Requirement :: Since the listing below shows pictures, leave them out and write out exactly the lines from the line with "高伟教授首先介绍了我国氢能行" to the line with "查体:左侧臀部内侧区隆起,局", both included, and no others.

Source material ::
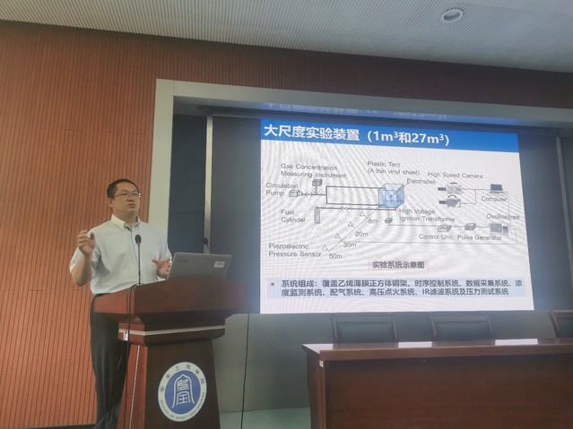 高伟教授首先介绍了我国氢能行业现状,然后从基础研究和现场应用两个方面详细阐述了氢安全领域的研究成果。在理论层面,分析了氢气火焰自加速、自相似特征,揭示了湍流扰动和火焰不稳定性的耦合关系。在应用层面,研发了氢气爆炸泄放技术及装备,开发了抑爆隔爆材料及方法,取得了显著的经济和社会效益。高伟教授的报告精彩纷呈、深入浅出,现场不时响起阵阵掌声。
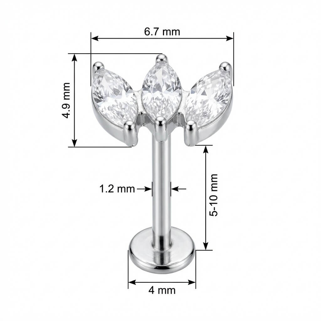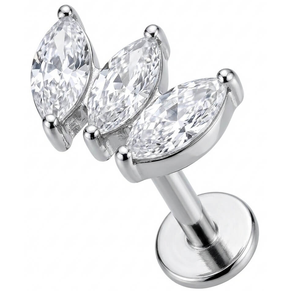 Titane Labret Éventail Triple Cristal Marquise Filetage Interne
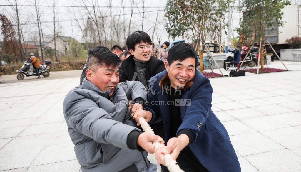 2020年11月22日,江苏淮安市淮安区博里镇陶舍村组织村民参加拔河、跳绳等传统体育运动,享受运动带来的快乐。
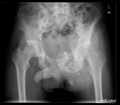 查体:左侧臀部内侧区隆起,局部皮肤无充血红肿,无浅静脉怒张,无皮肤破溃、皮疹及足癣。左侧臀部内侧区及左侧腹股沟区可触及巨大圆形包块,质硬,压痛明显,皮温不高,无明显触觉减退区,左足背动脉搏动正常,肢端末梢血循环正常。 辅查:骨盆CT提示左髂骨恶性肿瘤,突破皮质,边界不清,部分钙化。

...

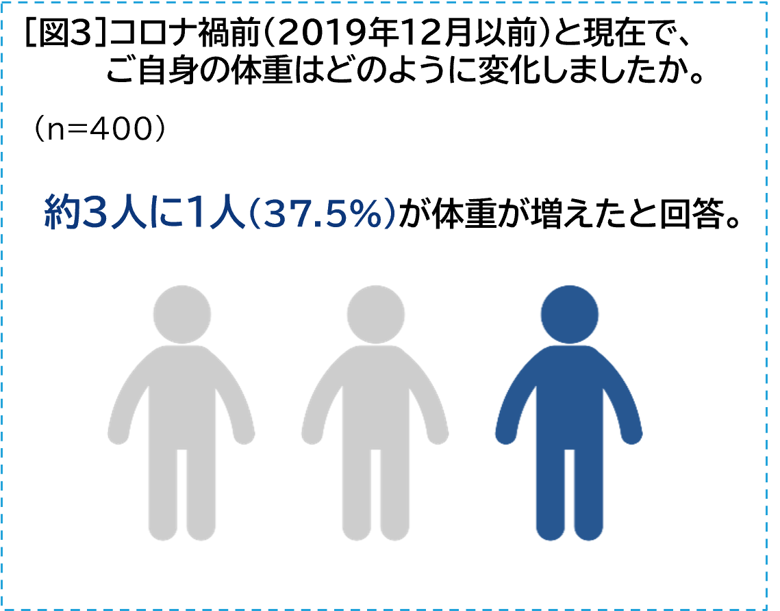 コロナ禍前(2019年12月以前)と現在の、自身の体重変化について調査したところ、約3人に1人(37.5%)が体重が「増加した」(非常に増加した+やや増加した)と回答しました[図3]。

==

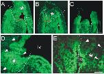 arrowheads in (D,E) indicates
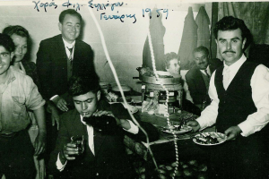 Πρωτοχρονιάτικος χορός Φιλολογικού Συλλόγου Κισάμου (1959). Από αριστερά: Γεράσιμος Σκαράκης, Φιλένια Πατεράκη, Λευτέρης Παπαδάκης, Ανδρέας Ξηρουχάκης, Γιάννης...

Answer for the task ::
 高伟教授首先介绍了我国氢能行业现状,然后从基础研究和现场应用两个方面详细阐述了氢安全领域的研究成果。在理论层面,分析了氢气火焰自加速、自相似特征,揭示了湍流扰动和火焰不稳定性的耦合关系。在应用层面,研发了氢气爆炸泄放技术及装备,开发了抑爆隔爆材料及方法,取得了显著的经济和社会效益。高伟教授的报告精彩纷呈、深入浅出,现场不时响起阵阵掌声。
 Titane Labret Éventail Triple Cristal Marquise Filetage Interne
 2020年11月22日,江苏淮安市淮安区博里镇陶舍村组织村民参加拔河、跳绳等传统体育运动,享受运动带来的快乐。
 查体:左侧臀部内侧区隆起,局部皮肤无充血红肿,无浅静脉怒张,无皮肤破溃、皮疹及足癣。左侧臀部内侧区及左侧腹股沟区可触及巨大圆形包块,质硬,压痛明显,皮温不高,无明显触觉减退区,左足背动脉搏动正常,肢端末梢血循环正常。 辅查:骨盆CT提示左髂骨恶性肿瘤,突破皮质,边界不清,部分钙化。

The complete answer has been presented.